Work task
Nothing but the lines below between the line holding "3、 62.5除以500的商减去0.16乘0.4的积,差为0.061。" and the line holding "2027年卒業予定の学生に、", inclusive, should appear in the answer, each set down exactly.

═══ Working data

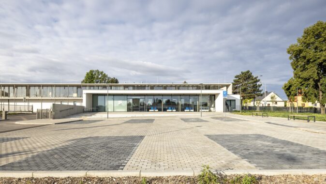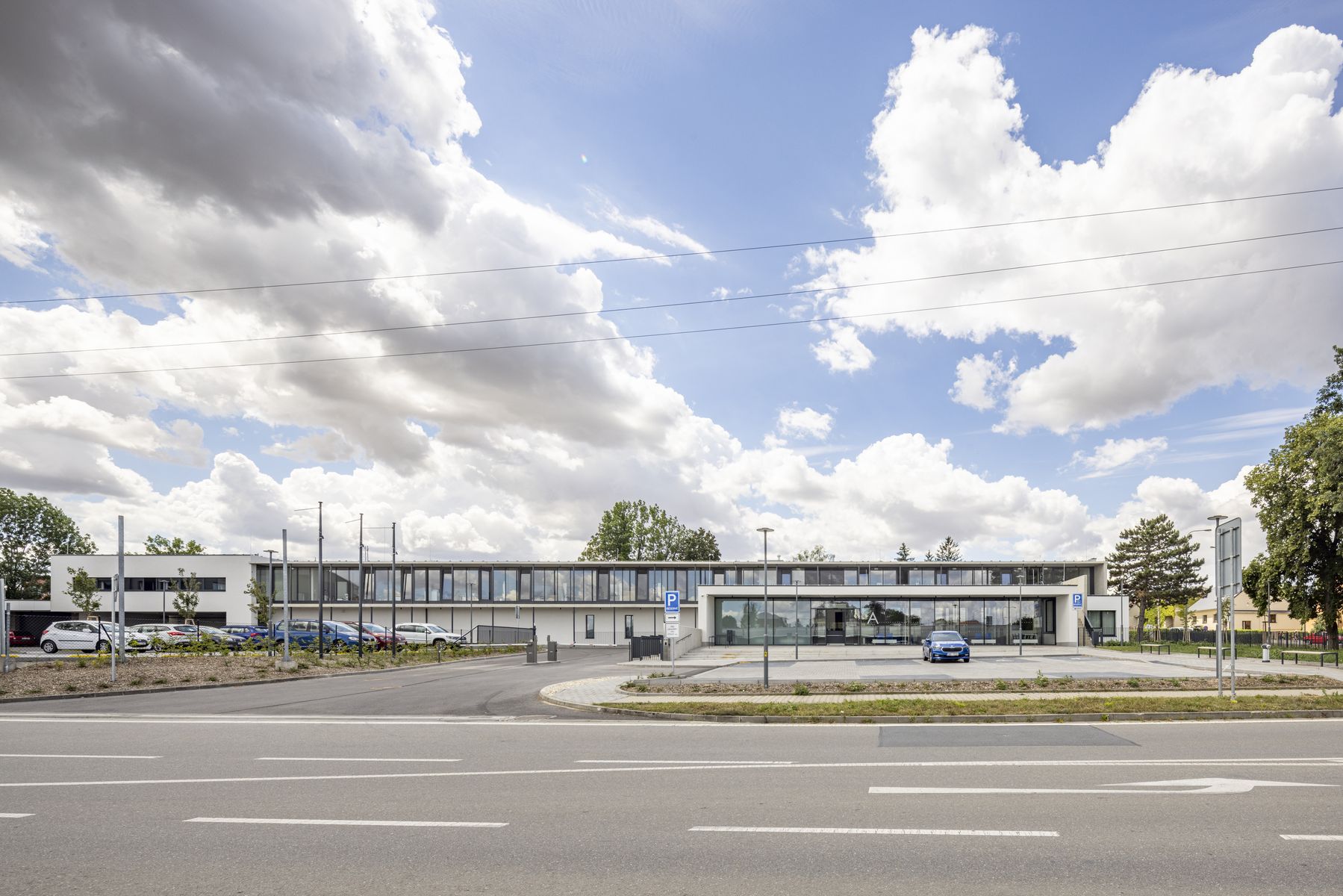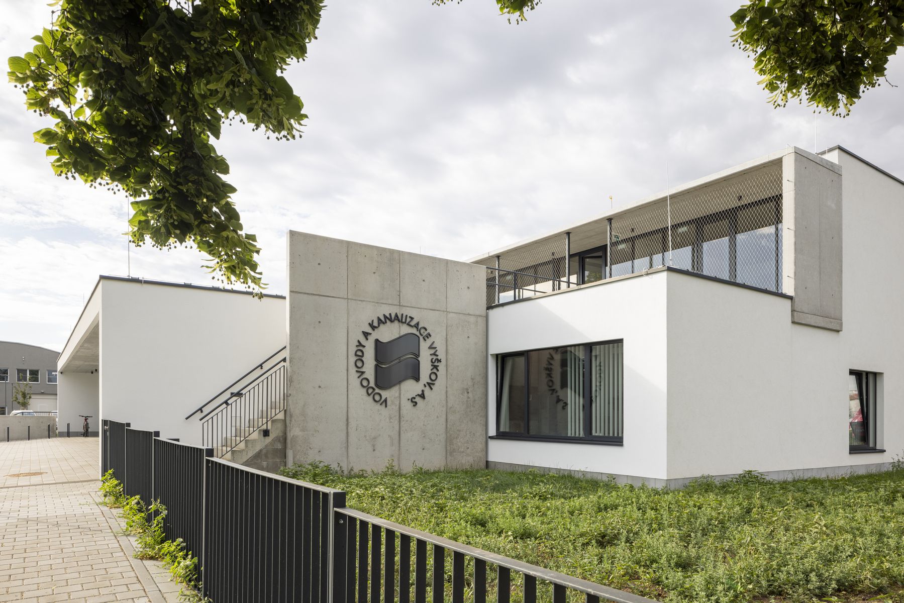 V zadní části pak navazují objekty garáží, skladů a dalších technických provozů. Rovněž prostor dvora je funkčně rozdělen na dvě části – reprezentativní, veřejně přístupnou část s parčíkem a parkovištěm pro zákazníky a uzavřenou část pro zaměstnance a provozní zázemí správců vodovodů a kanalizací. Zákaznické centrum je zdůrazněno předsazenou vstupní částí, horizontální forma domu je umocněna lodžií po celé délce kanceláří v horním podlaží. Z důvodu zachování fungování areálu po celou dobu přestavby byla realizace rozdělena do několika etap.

══════
═══ Working data

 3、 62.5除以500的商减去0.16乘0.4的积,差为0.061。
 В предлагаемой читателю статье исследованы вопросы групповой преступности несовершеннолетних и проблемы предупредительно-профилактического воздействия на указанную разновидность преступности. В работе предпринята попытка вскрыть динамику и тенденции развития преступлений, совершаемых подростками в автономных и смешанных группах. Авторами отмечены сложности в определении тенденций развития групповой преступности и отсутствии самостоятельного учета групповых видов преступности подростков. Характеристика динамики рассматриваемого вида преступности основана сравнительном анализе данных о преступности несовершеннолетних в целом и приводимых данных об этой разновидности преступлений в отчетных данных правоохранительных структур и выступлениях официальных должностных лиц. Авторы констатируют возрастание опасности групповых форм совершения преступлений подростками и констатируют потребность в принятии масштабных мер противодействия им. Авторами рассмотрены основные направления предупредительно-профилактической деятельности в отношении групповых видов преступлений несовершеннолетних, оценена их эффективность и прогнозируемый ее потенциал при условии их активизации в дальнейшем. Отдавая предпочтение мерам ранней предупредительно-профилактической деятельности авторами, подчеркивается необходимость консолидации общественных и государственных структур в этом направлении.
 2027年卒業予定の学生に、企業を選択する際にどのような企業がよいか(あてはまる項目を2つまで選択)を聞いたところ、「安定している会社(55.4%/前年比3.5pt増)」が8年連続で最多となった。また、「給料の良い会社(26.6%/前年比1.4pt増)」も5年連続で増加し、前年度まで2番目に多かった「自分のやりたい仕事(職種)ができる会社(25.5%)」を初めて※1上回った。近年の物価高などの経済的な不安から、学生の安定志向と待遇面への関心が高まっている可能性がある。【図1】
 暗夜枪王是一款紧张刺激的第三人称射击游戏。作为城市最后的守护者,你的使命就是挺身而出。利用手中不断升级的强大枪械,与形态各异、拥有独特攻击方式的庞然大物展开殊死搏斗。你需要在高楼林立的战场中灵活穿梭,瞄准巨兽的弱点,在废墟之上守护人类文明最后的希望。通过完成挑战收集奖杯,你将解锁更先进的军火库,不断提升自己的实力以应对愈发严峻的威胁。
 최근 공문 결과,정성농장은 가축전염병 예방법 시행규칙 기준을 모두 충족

══════

Final answer
 3、 62.5除以500的商减去0.16乘0.4的积,差为0.061。
 В предлагаемой читателю статье исследованы вопросы групповой преступности несовершеннолетних и проблемы предупредительно-профилактического воздействия на указанную разновидность преступности. В работе предпринята попытка вскрыть динамику и тенденции развития преступлений, совершаемых подростками в автономных и смешанных группах. Авторами отмечены сложности в определении тенденций развития групповой преступности и отсутствии самостоятельного учета групповых видов преступности подростков. Характеристика динамики рассматриваемого вида преступности основана сравнительном анализе данных о преступности несовершеннолетних в целом и приводимых данных об этой разновидности преступлений в отчетных данных правоохранительных структур и выступлениях официальных должностных лиц. Авторы констатируют возрастание опасности групповых форм совершения преступлений подростками и констатируют потребность в принятии масштабных мер противодействия им. Авторами рассмотрены основные направления предупредительно-профилактической деятельности в отношении групповых видов преступлений несовершеннолетних, оценена их эффективность и прогнозируемый ее потенциал при условии их активизации в дальнейшем. Отдавая предпочтение мерам ранней предупредительно-профилактической деятельности авторами, подчеркивается необходимость консолидации общественных и государственных структур в этом направлении.
 2027年卒業予定の学生に、企業を選択する際にどのような企業がよいか(あてはまる項目を2つまで選択)を聞いたところ、「安定している会社(55.4%/前年比3.5pt増)」が8年連続で最多となった。また、「給料の良い会社(26.6%/前年比1.4pt増)」も5年連続で増加し、前年度まで2番目に多かった「自分のやりたい仕事(職種)ができる会社(25.5%)」を初めて※1上回った。近年の物価高などの経済的な不安から、学生の安定志向と待遇面への関心が高まっている可能性がある。【図1】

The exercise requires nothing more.